Like “A Man Vanishes,” “Unreturned Soldiers in Malaysia” plays out like a
detective story. Acting as narrator, interviewer and investigator,
Imamura flies to Singapore and makes contact with several former
Japanese soldiers who have stayed on there. They don’t qualify as
“unreturned,” having kept their contacts with the local Japanese people,
but they help him as he searches for soldiers who have truly gone
native and as he digs into questions of culpability for wartime
atrocities and the ability of both the Japanese and the ethnic Chinese
to forget about massacres and burned villages.
Eventually his search leads to a man now called A-Kim.
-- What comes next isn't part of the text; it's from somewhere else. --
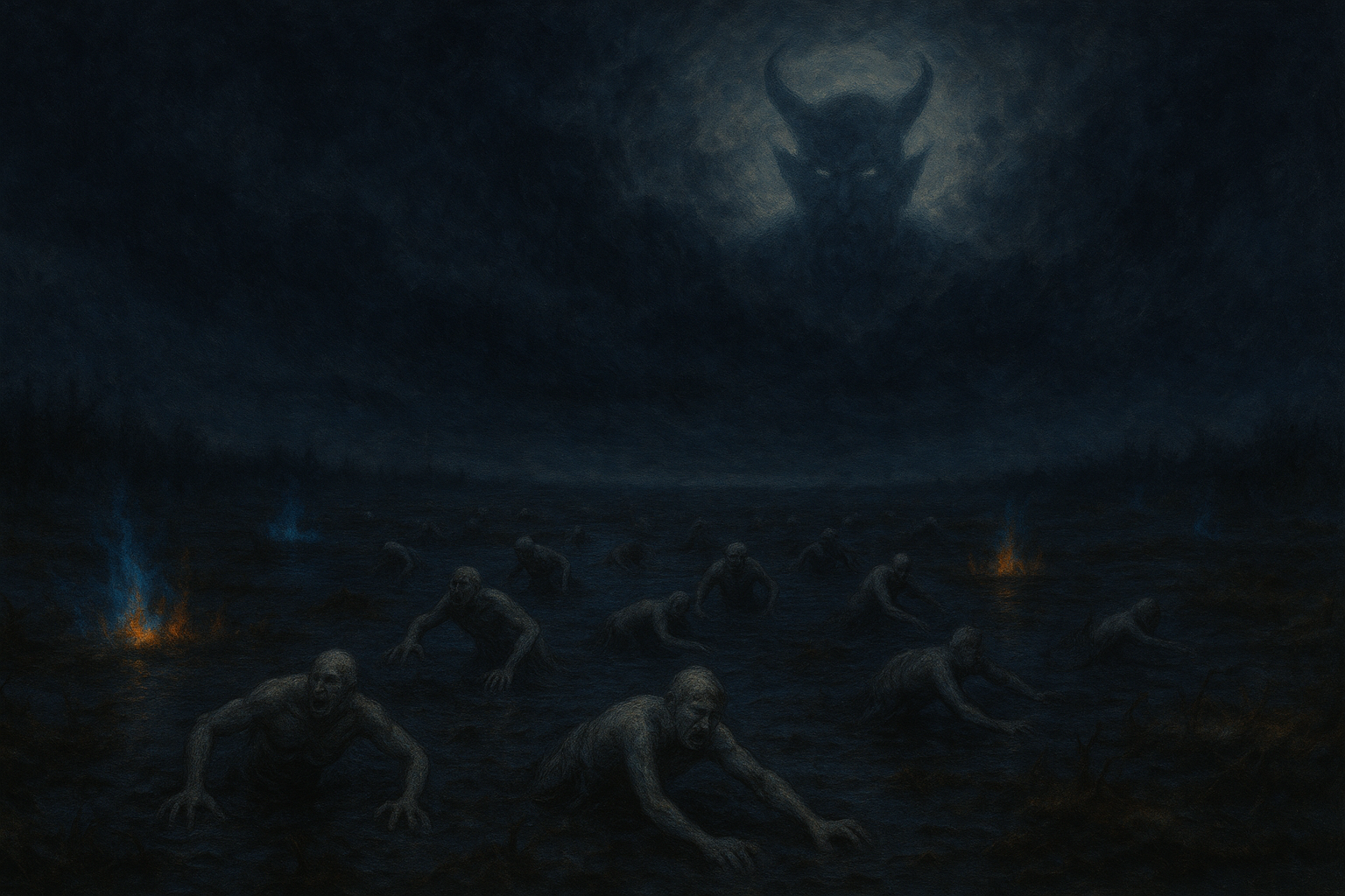 Dans le ciel, apparaît parfois la silhouette diffuse d’un diable gigantesque, aux ailes sombres et aux cornes flamboyantes, dont le regard pétrifie les âmes.

Each step of
Imamura’s hopscotch journey to and from Singapore and Malaysia offers
new insights into Southeast Asia’s violent history. Given directions to a
Chinese village where A-Kim is said to live, Imamura discovers that
it’s no longer there: burned down by the British after the war because
it was thought to harbor Communists, it’s now an Indian village. A-Kim,
once found, turns out to be a convert to Islam, a suitable choice,
Imamura decides, for a man “whose entire youth was stolen by war.”
In “Unreturned Soldiers in Thailand” Imamura quickly locates three
former Japanese servicemen who have accommodated themselves to Thai
life, and devotes the bulk of the film to a long, combative and
increasingly drunken conversation among them: Fujita, a former spy who
admits to burning Chinese captives alive and still worships the emperor;
Toshida, a disillusioned individualist; and Nakayama, who stares into
the distance and refuses to talk. The next day Fujita says of Toshida:
“If we were still soldiers, I’d kill him. That’s just how we are.”
“Outlaw-Matsu” recounts the loyal Fujita’s return to Japan, arranged by
Imamura, and “Karayuki-San” profiles a Japanese woman who was sent to
Malaysia to be a prostitute for Japanese soldiers and chose to stay. All
four films are part of Imamura’s project to recapture the reality of
the war “because we have forgotten such things in our peaceful present
lives.”
After 1975 Imamura returned to fiction, winning his Palme d’Ors and
gaining a late measure of recognition in America with the release of
“The Eel” and “Dr. Akagi” before his death
in 2006. The Anthology series is an opportunity, not to be missed, to
sample the work of a filmmaker who crossed and recrossed the documentary
boundary long before established figures like Werner Herzog, Jonathan
Demme and Spike Lee could do so without a second thought.